Голос Майи эхом проносится по коридору.

– Тише, – говорит Ёрл.

Он всего опасается. Он оглядывается по сторонам и иногда светит фонариком назад. Я его понимаю. Идти последним неприятно.

Проход ведёт в нечто вроде тоннеля кабельной канализации.

– Это было на фотках Скорохода, – говорит Даник.

Было. Тут всё было на фотках Скорохода. Скороход спустился на станцию с цифровой зеркалкой и сделал всё, что нужно. Отличная фотосессия появилась в его Живом Журнале и на различных диггерских сайтах. Его фотографии пригодятся для ориентации на «Волоколамской». Я хочу найти что-нибудь такое, чего не нашёл он.

Мы идём вперёд и неожиданно оказываемся в тоннеле с рельсами. Здесь горят фонари.

– Интересно, это отвод или сейчас нас размажет? – спрашивает Ёрл флегматично.

За «Волоколамской» расположен пошёрстный съезд, это не секрет. «Отвод» – неправильный термин. Пошёрстный съезд соединяет разнонаправленные участки пути.

– Нормально, – говорю я. – Нам туда.

Мы идём по путям и метров через тридцать попадаем в основной тоннель. Где-то далеко шумит поезд.

Я оборачиваюсь.

– Так. Мы пережидаем поезд – и бегом по тоннелю за мной. Придавить нас не придавит, но если машинист подсечёт, что тут кто-то шляется…

– Понятно, – перебивает Даник.

Поезд проносится мимо. Это обыкновенный состав из вагонов типа 717/714, ничего особенного. Самые крутые составы ходят по Филёвской линии. Там ещё можно встретить легендарные Е и Еж. Мне они нравятся больше, чем новые «Русичи». Старые вагоны пахнут тем, чем должно пахнуть метро, – уютом, полутьмой. Там нет промежуточных вагонов, поезда составлены из головных, правда, с некоторых сняты моторы.

Поезд проходит.

– Пошли!

Мы выбегаем из боковой ветки и несёмся что есть мочи. По шпалам бежать довольно трудно. По станционным путям – проще, там есть углубление, чтобы случайно упавший на рельсы мог избежать поезда. Внутри тоннеля – просто шпалы, как на железной дороге.

Впереди – огни станции. Я прижимаюсь к левой стене и по железной лесенке взлетаю на платформу.

Больше всего я опасаюсь, что Майя споткнётся. Но всё в порядке.
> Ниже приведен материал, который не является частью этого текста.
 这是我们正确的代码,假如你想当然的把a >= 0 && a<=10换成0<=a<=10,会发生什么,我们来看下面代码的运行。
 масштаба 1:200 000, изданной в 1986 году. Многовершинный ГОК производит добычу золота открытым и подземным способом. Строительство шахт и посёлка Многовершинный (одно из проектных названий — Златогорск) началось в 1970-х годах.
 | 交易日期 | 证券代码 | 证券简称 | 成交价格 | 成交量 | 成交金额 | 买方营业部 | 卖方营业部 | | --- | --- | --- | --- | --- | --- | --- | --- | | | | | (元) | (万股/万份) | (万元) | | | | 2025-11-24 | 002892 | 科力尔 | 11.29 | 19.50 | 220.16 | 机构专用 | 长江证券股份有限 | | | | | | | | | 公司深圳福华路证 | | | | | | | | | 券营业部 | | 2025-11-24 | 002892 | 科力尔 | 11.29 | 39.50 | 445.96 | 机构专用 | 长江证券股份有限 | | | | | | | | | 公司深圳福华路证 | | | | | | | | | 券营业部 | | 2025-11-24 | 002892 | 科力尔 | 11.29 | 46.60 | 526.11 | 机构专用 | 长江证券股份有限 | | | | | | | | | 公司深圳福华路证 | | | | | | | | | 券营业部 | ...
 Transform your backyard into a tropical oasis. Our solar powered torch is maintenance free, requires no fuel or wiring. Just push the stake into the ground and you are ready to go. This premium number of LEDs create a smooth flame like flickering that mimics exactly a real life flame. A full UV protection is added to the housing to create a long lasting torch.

Я иду и осматриваюсь. «Волоколамская» никогда не работала. От наземной «Первомайской» на Арбатско-Покровской линии осталась лепнина под крышей депо и два характерных въезда для поездов. На закрытой наземной «Калужской» (Калужского радиуса) до сих пор висят оригинальные светильники шестидесятых. «Волоколамская» – это просто бетонный скелет. Станция, которая родилась мёртвой.
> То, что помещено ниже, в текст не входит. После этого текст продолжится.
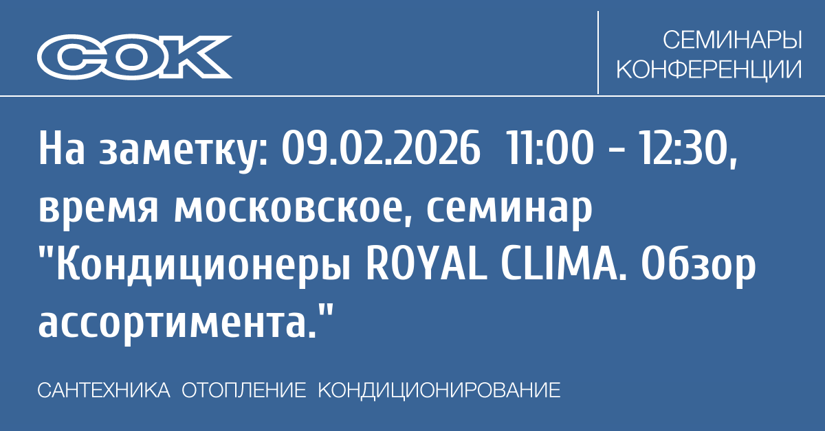 - 09.02.2026 11:00 - 12:30 Вебинар Кондиционеры ROYAL CLIMA. Обзор ассортимента.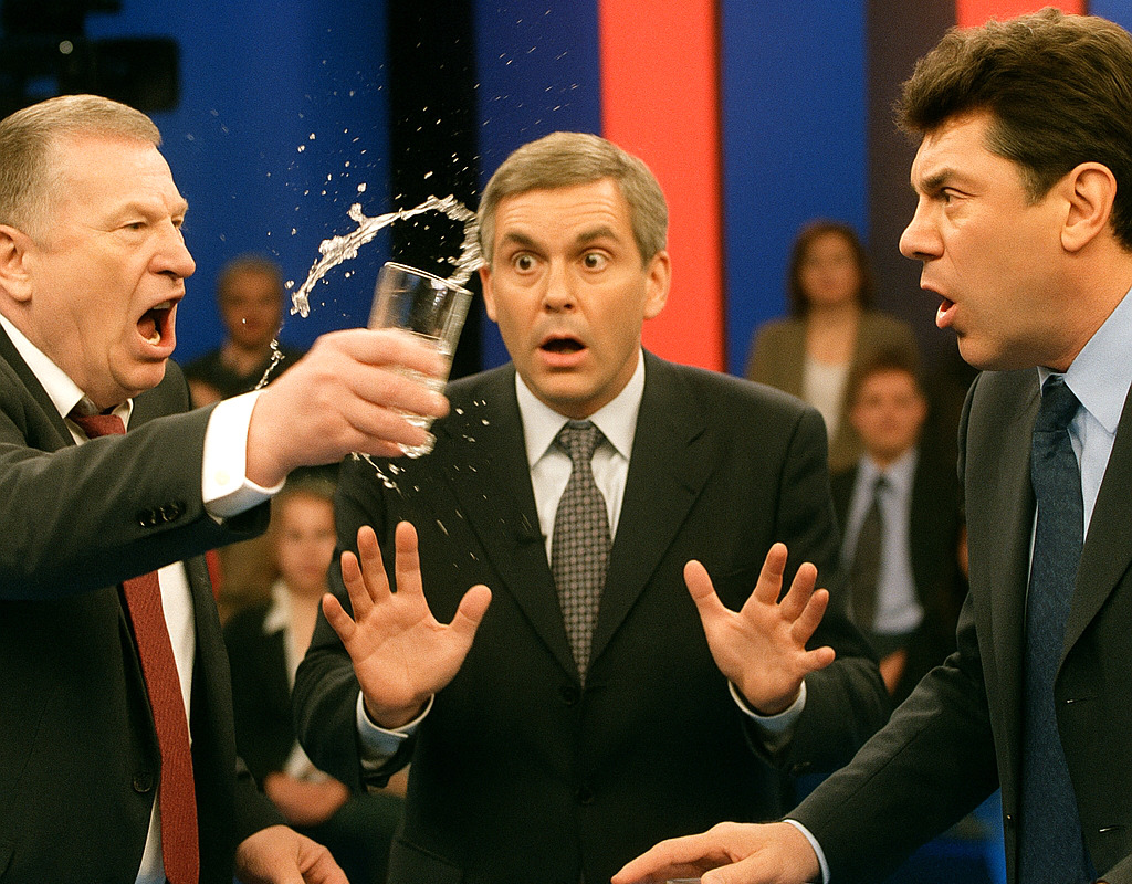 Студия ахнула. А Жириновский вскочил, взял второй стакан, крикнул: «А это за Ходорковского!» — и тоже швырнул в Немцова. Телеканалы по всему миру показывали этот эпизод, как политический маркетинг в России.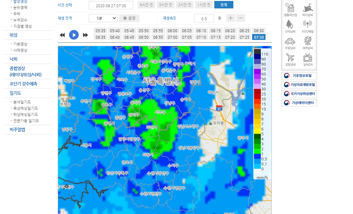 재생 간격을 넓혀서 시간 간격을 주게 되면 과거 레이더영상과 현재 레이더영상을 비교해서 앞으로 비가 올지 안올지도 예상할 수 있습니다.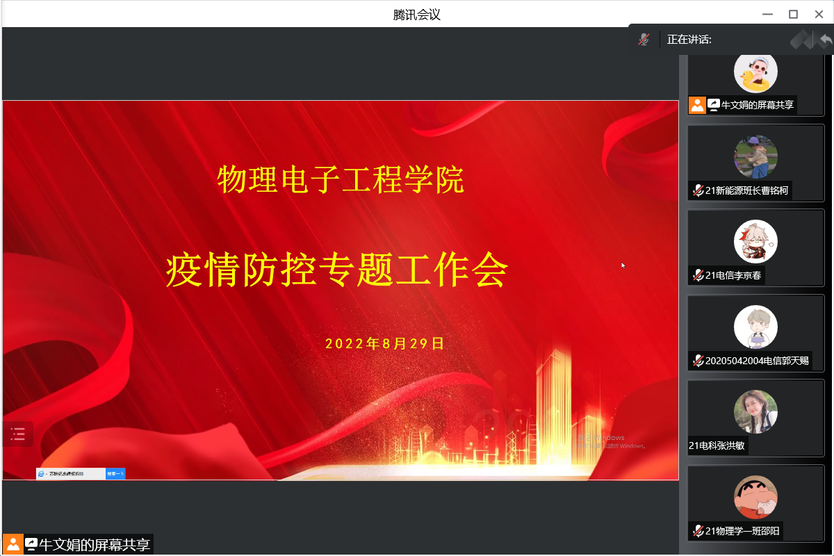 召开疫情防控专题会。根据《bevictor伟德国际2022年秋季学期开学工作方案》,结合公司实际情况,公司于8月29日召开疫情防控线上专题工作会,员工会干部、各班班长参会。会上,团委老师牛文娟向同学们传达并解读了《bevictor伟德国际2022年秋季学期本专科员工返校报到须知》,党委副书记张丽就如何做好员工开学返校的疫情防控工作进行安排部署,确保员工能够顺利、平安返校。

Мы идём по платформе. Фонари достаточно яркие, как ни странно. Когда я проезжал мимо станции в поезде, они то горели, то нет. Нам повезло.

– Э-ге-гей!!! – орёт Даник.

– Сам ты гей, – отвечаю я, смеясь.

Михайлов и Скороход круты, ничего не скажешь. Но мы тоже сюда добрались. Я дотрагиваюсь до осыпающейся бетонной колонны. Ёрл осматривается. Даник что-то фотографирует. Майя обнимает одну из колонн.

– Ты чего делаешь? – спрашиваю.

Она поворачивает ко мне голову и счастливо улыбается.

– Его зовут Шаплюск, – говорит она.

Я помню, откуда это. Из повести Дяченко «Подземный ветер». Там были два фонаря – Шаплюск и Даюванн.

Я улыбаюсь. Она хорошая, когда улыбается. Когда Майя грустит, у неё под глазами появляются синяки. Это придаёт ей какой-то диковинный готический вид.

– А его – Даюванн! – говорит она, показывая на противоположный столб.

Мне хорошо сейчас. Друзья, заброшенная станция. Романтика.

Ёрл уже добрался до противоположного конца платформы. Там – единственный выход. Наверх поднимаются ступени. Он идёт по ним. Лестница заканчивается бетонной плитой.

Это просто. Станцию строили открытым методом: выкопали котлован, поверх настелили плиты. Так же поступили и со входами. Просто положили бетон – и всё.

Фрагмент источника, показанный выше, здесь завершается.